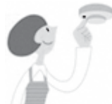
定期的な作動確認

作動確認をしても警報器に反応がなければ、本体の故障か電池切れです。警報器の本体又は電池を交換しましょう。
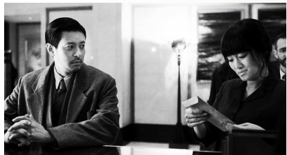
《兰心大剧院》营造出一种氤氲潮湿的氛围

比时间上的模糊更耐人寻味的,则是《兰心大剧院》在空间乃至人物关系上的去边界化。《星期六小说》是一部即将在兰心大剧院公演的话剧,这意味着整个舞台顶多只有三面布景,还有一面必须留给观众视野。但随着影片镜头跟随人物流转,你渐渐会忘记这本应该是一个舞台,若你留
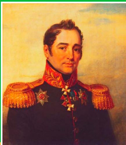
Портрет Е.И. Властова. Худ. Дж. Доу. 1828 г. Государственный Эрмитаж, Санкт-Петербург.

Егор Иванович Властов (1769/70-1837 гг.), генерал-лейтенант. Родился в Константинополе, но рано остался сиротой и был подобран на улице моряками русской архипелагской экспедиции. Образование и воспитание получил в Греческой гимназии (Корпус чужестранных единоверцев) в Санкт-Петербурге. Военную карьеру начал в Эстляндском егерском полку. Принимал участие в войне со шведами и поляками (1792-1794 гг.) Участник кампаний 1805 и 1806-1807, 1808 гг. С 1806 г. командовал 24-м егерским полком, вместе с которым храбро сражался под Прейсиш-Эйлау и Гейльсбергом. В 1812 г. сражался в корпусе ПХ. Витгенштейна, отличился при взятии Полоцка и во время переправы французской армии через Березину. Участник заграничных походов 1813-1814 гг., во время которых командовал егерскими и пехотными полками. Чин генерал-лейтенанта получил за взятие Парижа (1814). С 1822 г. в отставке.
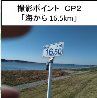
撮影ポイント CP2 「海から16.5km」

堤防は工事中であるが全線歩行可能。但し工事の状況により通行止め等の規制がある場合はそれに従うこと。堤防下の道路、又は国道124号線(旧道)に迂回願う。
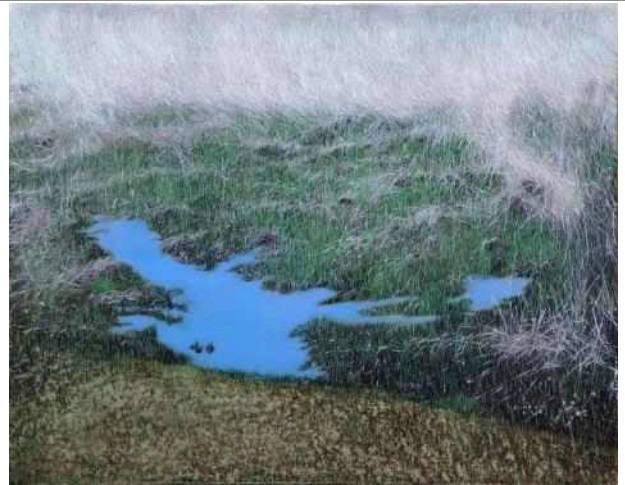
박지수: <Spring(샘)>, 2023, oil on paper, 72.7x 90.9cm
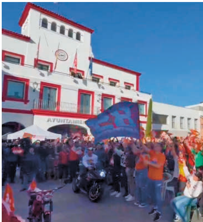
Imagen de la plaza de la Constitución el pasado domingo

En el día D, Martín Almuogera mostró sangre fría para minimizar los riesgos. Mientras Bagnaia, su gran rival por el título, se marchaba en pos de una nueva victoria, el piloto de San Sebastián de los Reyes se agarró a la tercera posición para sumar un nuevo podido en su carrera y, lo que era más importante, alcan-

——————————

__Problem requirements__
In the material above, find every line that has the string "兰心大剧院" and pull those lines out.

__Result__
《兰心大剧院》营造出一种氤氲潮湿的氛围
比时间上的模糊更耐人寻味的,则是《兰心大剧院》在空间乃至人物关系上的去边界化。《星期六小说》是一部即将在兰心大剧院公演的话剧,这意味着整个舞台顶多只有三面布景,还有一面必须留给观众视野。但随着影片镜头跟随人物流转,你渐渐会忘记这本应该是一个舞台,若你留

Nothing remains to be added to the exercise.